====== DATA SUPPLIED

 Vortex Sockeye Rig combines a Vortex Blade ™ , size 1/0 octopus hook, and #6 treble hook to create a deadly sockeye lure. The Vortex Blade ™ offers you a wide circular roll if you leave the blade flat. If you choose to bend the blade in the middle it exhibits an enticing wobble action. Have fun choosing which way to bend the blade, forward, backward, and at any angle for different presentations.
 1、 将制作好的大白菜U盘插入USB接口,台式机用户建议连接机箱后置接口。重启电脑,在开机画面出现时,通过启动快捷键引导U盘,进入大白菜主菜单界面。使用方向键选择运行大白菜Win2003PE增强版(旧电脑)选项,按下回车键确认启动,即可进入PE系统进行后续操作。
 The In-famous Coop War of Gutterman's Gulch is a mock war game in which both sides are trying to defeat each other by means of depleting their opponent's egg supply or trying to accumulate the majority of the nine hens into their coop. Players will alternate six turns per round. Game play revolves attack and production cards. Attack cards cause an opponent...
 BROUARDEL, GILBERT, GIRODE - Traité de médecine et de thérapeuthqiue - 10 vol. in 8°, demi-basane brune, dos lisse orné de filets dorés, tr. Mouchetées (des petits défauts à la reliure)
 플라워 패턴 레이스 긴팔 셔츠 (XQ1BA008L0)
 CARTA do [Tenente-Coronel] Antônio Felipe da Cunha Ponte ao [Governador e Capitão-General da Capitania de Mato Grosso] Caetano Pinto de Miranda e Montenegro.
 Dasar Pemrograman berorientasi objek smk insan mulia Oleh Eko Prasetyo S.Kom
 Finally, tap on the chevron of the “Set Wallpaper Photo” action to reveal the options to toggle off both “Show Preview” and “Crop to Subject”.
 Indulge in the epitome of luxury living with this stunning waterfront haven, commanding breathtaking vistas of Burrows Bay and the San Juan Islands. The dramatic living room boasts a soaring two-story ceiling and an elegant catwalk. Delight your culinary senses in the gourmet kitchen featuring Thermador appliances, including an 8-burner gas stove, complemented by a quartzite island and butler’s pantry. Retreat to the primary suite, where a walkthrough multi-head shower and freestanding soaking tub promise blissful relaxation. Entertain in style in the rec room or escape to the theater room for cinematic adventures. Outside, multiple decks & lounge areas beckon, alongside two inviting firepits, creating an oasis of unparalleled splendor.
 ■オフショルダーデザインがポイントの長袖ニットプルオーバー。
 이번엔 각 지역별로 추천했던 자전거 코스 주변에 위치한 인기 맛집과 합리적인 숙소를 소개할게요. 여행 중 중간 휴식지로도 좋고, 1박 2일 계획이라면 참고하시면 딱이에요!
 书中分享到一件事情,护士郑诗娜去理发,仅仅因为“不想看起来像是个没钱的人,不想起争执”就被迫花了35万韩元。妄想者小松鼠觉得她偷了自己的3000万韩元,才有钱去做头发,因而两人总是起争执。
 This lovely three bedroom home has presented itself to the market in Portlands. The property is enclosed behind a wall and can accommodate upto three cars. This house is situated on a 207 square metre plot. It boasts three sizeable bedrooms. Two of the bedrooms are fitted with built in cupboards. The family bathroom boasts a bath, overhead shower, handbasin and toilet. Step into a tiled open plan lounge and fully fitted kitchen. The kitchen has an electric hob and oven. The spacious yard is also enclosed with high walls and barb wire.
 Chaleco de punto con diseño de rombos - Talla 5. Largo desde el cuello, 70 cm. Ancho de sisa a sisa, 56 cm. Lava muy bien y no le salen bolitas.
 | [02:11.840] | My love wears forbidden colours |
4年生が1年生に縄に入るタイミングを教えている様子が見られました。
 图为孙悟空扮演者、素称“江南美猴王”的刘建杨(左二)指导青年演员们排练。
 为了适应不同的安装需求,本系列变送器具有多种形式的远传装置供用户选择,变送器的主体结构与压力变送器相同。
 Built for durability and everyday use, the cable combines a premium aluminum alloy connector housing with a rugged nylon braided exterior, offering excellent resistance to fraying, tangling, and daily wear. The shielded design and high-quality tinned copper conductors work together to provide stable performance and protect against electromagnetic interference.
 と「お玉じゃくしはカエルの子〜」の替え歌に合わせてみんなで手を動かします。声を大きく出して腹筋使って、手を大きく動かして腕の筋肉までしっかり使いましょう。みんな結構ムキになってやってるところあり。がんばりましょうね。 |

============

**TASK GOAL:**
Beginning with the line containing "플라워 패턴 레이스 긴팔 셔츠 (XQ1BA008L0)" and ending with the line containing "Dasar Pemrograman berorientasi", extract those lines exactly from the listing above, and only those.

**RESPONSE TO THIS EXERCISE:**
 플라워 패턴 레이스 긴팔 셔츠 (XQ1BA008L0)
 CARTA do [Tenente-Coronel] Antônio Felipe da Cunha Ponte ao [Governador e Capitão-General da Capitania de Mato Grosso] Caetano Pinto de Miranda e Montenegro.
 Dasar Pemrograman berorientasi objek smk insan mulia Oleh Eko Prasetyo S.Kom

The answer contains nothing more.